Andrew: I saw that actually. Your poster is really good. You use it a lot.

Alexander: Yes. Well, you see I’m also experimenting with all these tools, so I use my personal account to experiment. So it can look sometimes like I’m spamming, but I’m only testing out how these services interact with each other. But essentially I really want to always understand very early on how the world is changing. And I think one of the big changes which we’re seeing now is that searches are becoming much more social, and there is a big question mark for me. What is the kind of power balance between that social search and between that kind of algorithmic search? And equally at Empora, I’m asking myself the question visual similarity search versus exact matching searches. And how is that translating into a mobile environment? Because a mobile phone and a camera. So I can’t tell too much, but there’s a lot of innovation in our research, which we will launch going forward, which has to do with mobile, visual search, and mobile . . .

Andrew: I can see that. So if I see maybe a friend of mine who has a nice watch, and I want to get that watch, I might take a picture of the watch and then check it out online and find out if I can find similar watches. Maybe a cheaper one, maybe one that’s more expensive so I can brag to him that I’ve got a more expensive watch. But essentially that’s what you’re talking about.

Alexander: That’s right. We call this functionality. I can say so much. This is a kind of stealth secret approaching. We call it snogfrog. So when you go to snogfrog.me, then you will see that there’s already a holding page, and this is somehow related and this is one of the newest innovations.

Andrew: Snogfrog?

Alexander: S-N-O-G, like snogging, and then frog dot me.

Andrew: I see, yeah.

Alexander: There’s nothing much you can do yet, but I think you have to just wait and be patient. This is a kind of a stealth project.

Andrew: So I would need a username and password to get in. So people are testing this already. They’re taking pictures of each other’s stuff to find out how they can get it themselves.

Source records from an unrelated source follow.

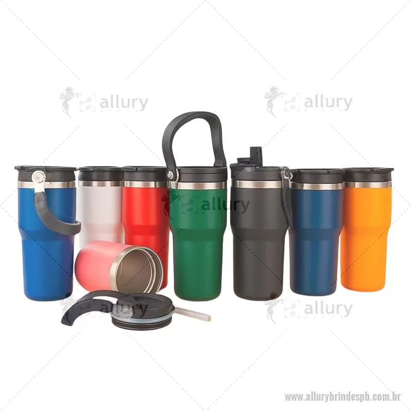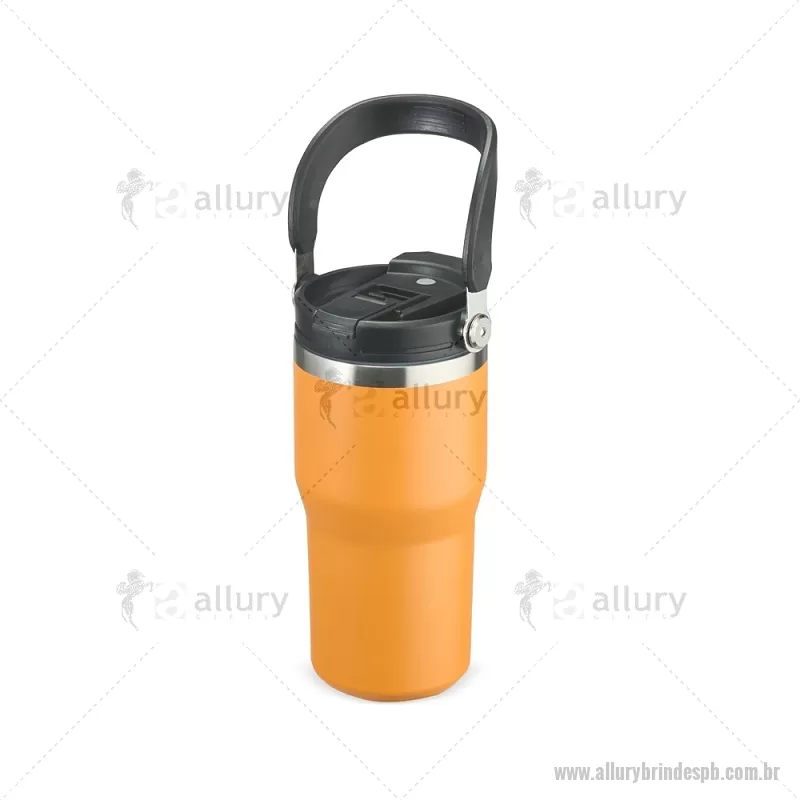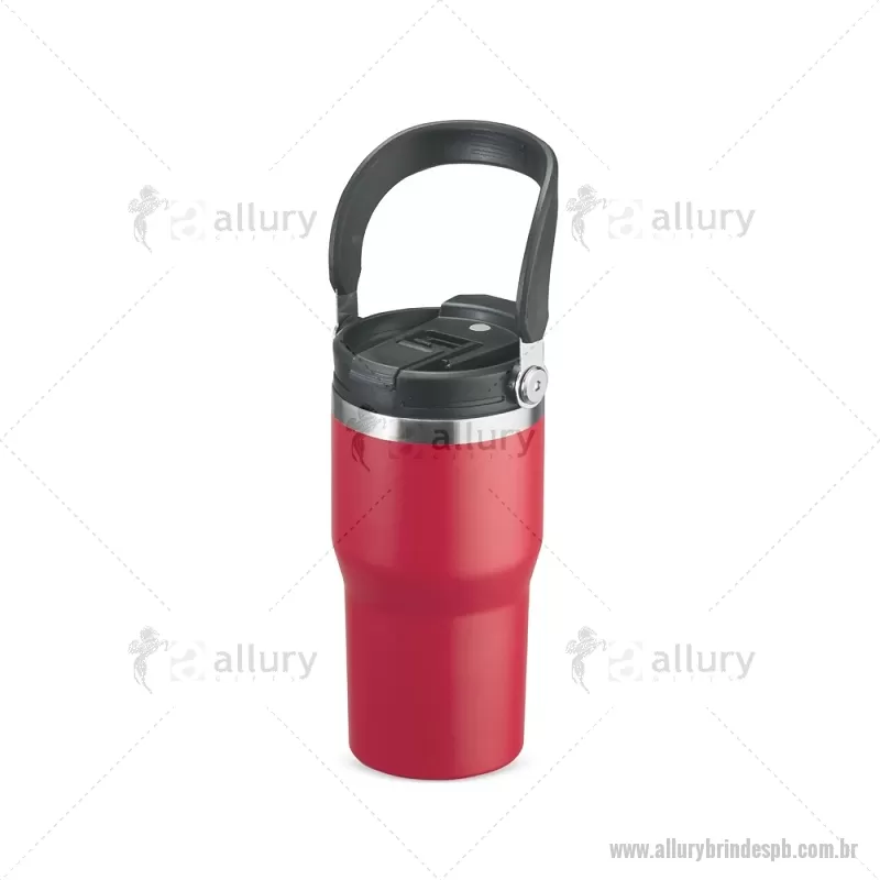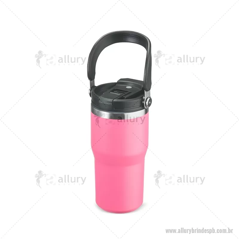 Copo térmico de 600 ml em inox com pintura eletrostática e parede dupla com vedação a vácuo, ideal para manter a temperatura das bebidas por mais tempo. Possui tampa rosqueável com bico flip e proteção para o bocal, canudo interno removível e alça fixa para transporte. Prático e resistente para o dia a dia. - - ALLPBCPO149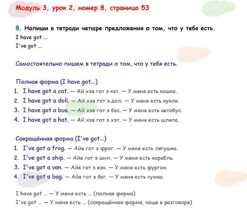 Подробные ответы к 8 заданию на 53 странице учебника О. В. Афанасьевой, К. М. Барановой, И. В. Михеевой 2025 года ФГОС, 2 класс 1 часть. Модуль 3. Вот мои игрушки и питомцы.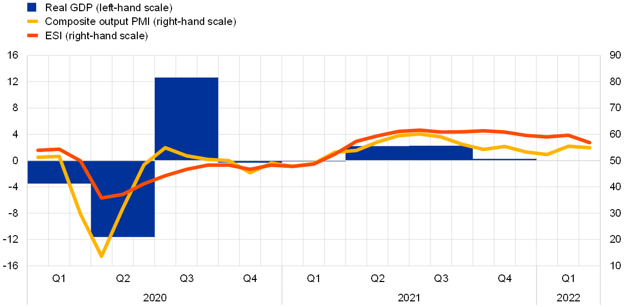 Notes: The two lines indicate monthly developments; the bars show quarterly data. The European Commission’s Economic Sentiment Indicator (ESI) has been standardised and rescaled so that it has the same mean and standard deviation as the Purchasing Managers’ Index (PMI). The latest observations are for the fourth quarter of 2021 for real GDP and March 2022 for the PMI and the ESI.
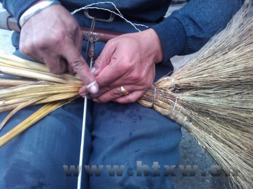 年近五十岁的高希前是索镇东镇村人。他用高粱穗扎出来的笤帚深受群众喜爱。记者了解到,缚笤帚是个手艺活,看似简单,做起来却很麻烦,如今会这门手艺的人已不多见。采访中,记者注意到高师傅的两只手看上去很沧桑,手指上布满了裂开的口子,双手也比较弯曲。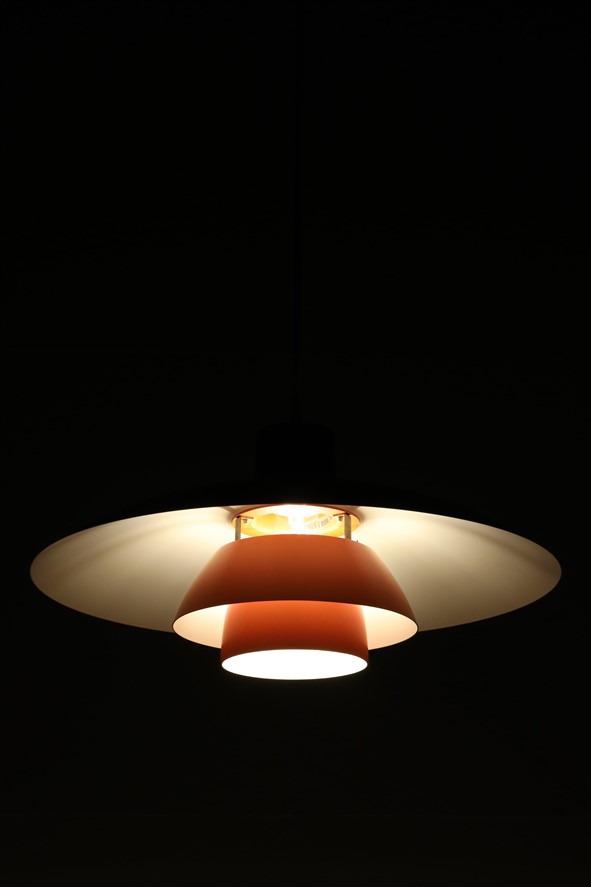 Louis Poulsen / Poul Henningsen „PH 4-3“ Hängeleuchte / rot-orange / Mid Century Danish Modern Design / 70er-Jahre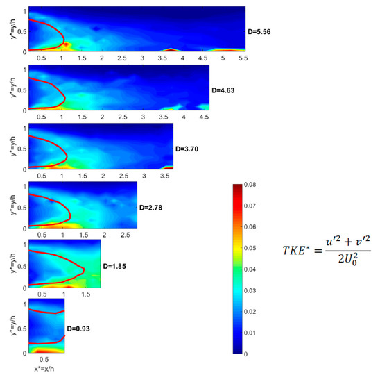 2D vertical map of the TKE* at the centreline of the wind tunnel (z* = 0) for the six inter-vehicle distances (φ = 35°).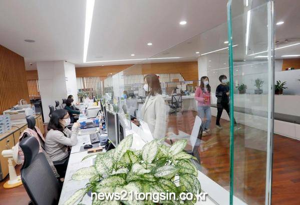 이에 강화유리 소재 투명 가림막 사이로 민원인과 직원 간 거리를 유지하면서도 서로를 확인, 서류를 주고받는 등 ‘비대면’ 업무처리가 가능해졌다.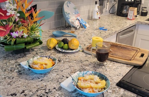 In our modern open-floor-plan fully equipped kitchen, prepare a gourmet meal and serve it up on pretty Ocean-Themed dinnerware. Or, set a table on Kona Isle's beach where you'll find 3 propane grills at waters' edge. It's the perfect spot to watch Kona’s breathtaking western sunsets; and maybe you’ll see a "Green Flash", whales breaching, or spinner dolphins playing in the surf.
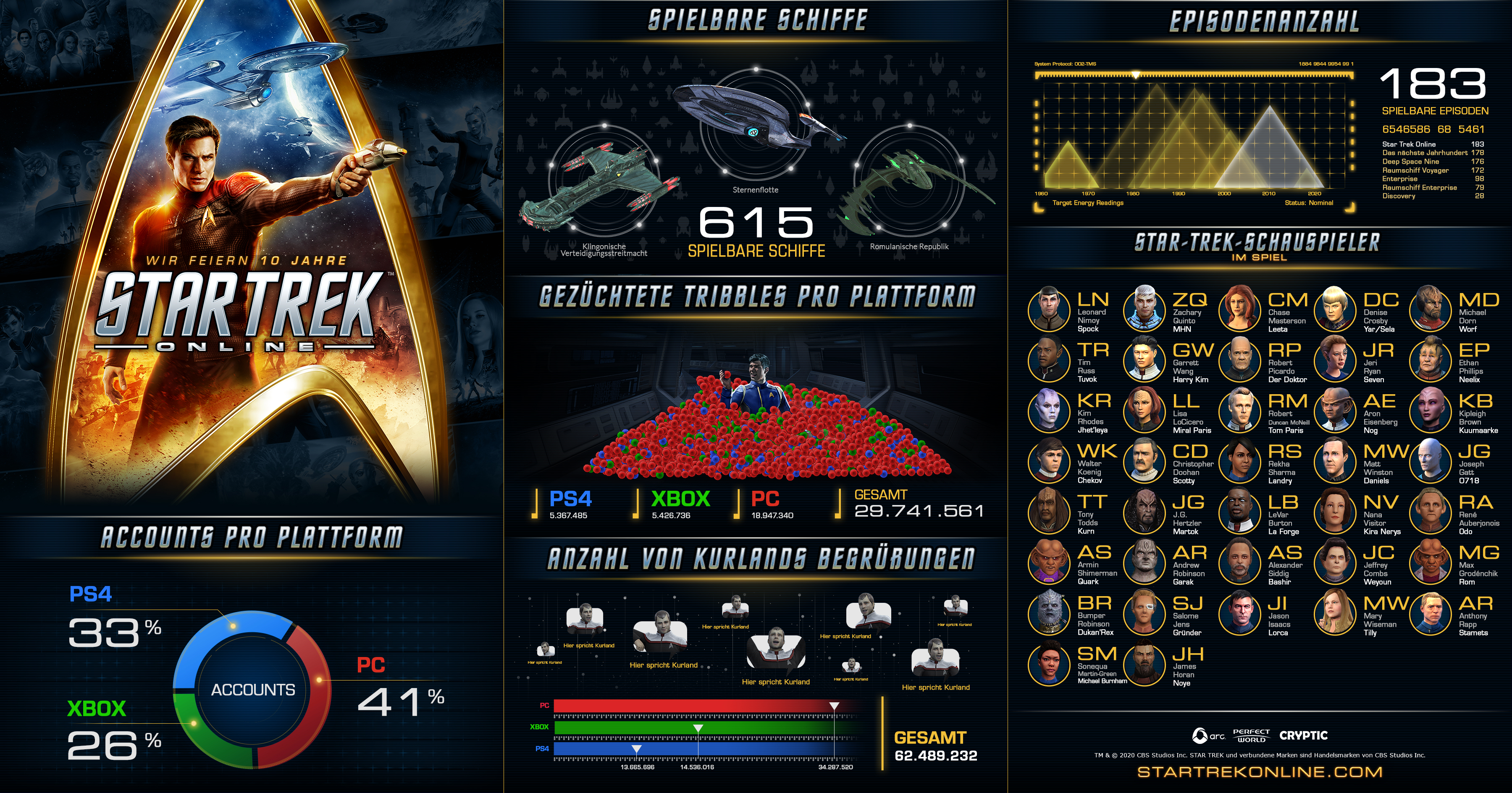 Zudem wurde zur Feier des Tages, Star Trek Online gibt es bereits seit 10 Jahren (knappe vier davon auf der PS4), eine hübsche Infografik veröffentlicht.

Alexander: Yeah, but the people which do this right now are only approved internals.

Andrew: Well, when you’re ready to show it to the rest of us, we’d love to jump in and check it out. There’s actually someone down the hall from me who has a much better than mic than me, and I would love to take a picture of his mic. I know this isn’t clothes, but I’d love to take a picture of his mic and then go online and find it.

Alexander: Okay.

Andrew: Maybe we’ll save that for version 2. Thank you. Looking forward to talking to you when snogfrog is up and running. And hope to see you at some point in person.

Alexander: Okay, great.

Andrew: Cool. Thank you all for watching.